## What the exercise asks
Reproduce the records that follow exactly as they are written.

## Information
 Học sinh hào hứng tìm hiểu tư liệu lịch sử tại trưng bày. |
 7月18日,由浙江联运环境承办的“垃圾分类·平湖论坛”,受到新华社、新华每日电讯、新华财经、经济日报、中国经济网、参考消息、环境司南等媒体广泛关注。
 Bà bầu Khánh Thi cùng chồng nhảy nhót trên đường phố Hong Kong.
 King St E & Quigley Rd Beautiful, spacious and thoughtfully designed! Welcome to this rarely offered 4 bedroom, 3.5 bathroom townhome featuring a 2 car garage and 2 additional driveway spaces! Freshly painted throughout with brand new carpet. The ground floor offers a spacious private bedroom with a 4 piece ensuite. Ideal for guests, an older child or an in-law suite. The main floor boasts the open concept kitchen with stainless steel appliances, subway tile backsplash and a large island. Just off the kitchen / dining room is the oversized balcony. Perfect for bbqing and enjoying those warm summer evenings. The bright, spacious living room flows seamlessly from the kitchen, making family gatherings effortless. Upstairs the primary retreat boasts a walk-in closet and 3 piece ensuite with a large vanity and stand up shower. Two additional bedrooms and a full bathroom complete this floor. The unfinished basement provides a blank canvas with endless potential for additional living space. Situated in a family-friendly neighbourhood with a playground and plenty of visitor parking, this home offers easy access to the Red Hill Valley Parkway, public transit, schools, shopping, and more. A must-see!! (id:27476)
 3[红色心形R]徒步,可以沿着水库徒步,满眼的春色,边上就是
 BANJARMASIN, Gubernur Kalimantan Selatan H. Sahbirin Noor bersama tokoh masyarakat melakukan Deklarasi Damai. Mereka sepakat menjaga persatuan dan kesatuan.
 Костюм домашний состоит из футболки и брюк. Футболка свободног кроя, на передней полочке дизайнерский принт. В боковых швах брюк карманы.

## Expected output
 Học sinh hào hứng tìm hiểu tư liệu lịch sử tại trưng bày. |
 7月18日,由浙江联运环境承办的“垃圾分类·平湖论坛”,受到新华社、新华每日电讯、新华财经、经济日报、中国经济网、参考消息、环境司南等媒体广泛关注。
 Bà bầu Khánh Thi cùng chồng nhảy nhót trên đường phố Hong Kong.
 King St E & Quigley Rd Beautiful, spacious and thoughtfully designed! Welcome to this rarely offered 4 bedroom, 3.5 bathroom townhome featuring a 2 car garage and 2 additional driveway spaces! Freshly painted throughout with brand new carpet. The ground floor offers a spacious private bedroom with a 4 piece ensuite. Ideal for guests, an older child or an in-law suite. The main floor boasts the open concept kitchen with stainless steel appliances, subway tile backsplash and a large island. Just off the kitchen / dining room is the oversized balcony. Perfect for bbqing and enjoying those warm summer evenings. The bright, spacious living room flows seamlessly from the kitchen, making family gatherings effortless. Upstairs the primary retreat boasts a walk-in closet and 3 piece ensuite with a large vanity and stand up shower. Two additional bedrooms and a full bathroom complete this floor. The unfinished basement provides a blank canvas with endless potential for additional living space. Situated in a family-friendly neighbourhood with a playground and plenty of visitor parking, this home offers easy access to the Red Hill Valley Parkway, public transit, schools, shopping, and more. A must-see!! (id:27476)
 3[红色心形R]徒步,可以沿着水库徒步,满眼的春色,边上就是
 BANJARMASIN, Gubernur Kalimantan Selatan H. Sahbirin Noor bersama tokoh masyarakat melakukan Deklarasi Damai. Mereka sepakat menjaga persatuan dan kesatuan.
 Костюм домашний состоит из футболки и брюк. Футболка свободног кроя, на передней полочке дизайнерский принт. В боковых швах брюк карманы.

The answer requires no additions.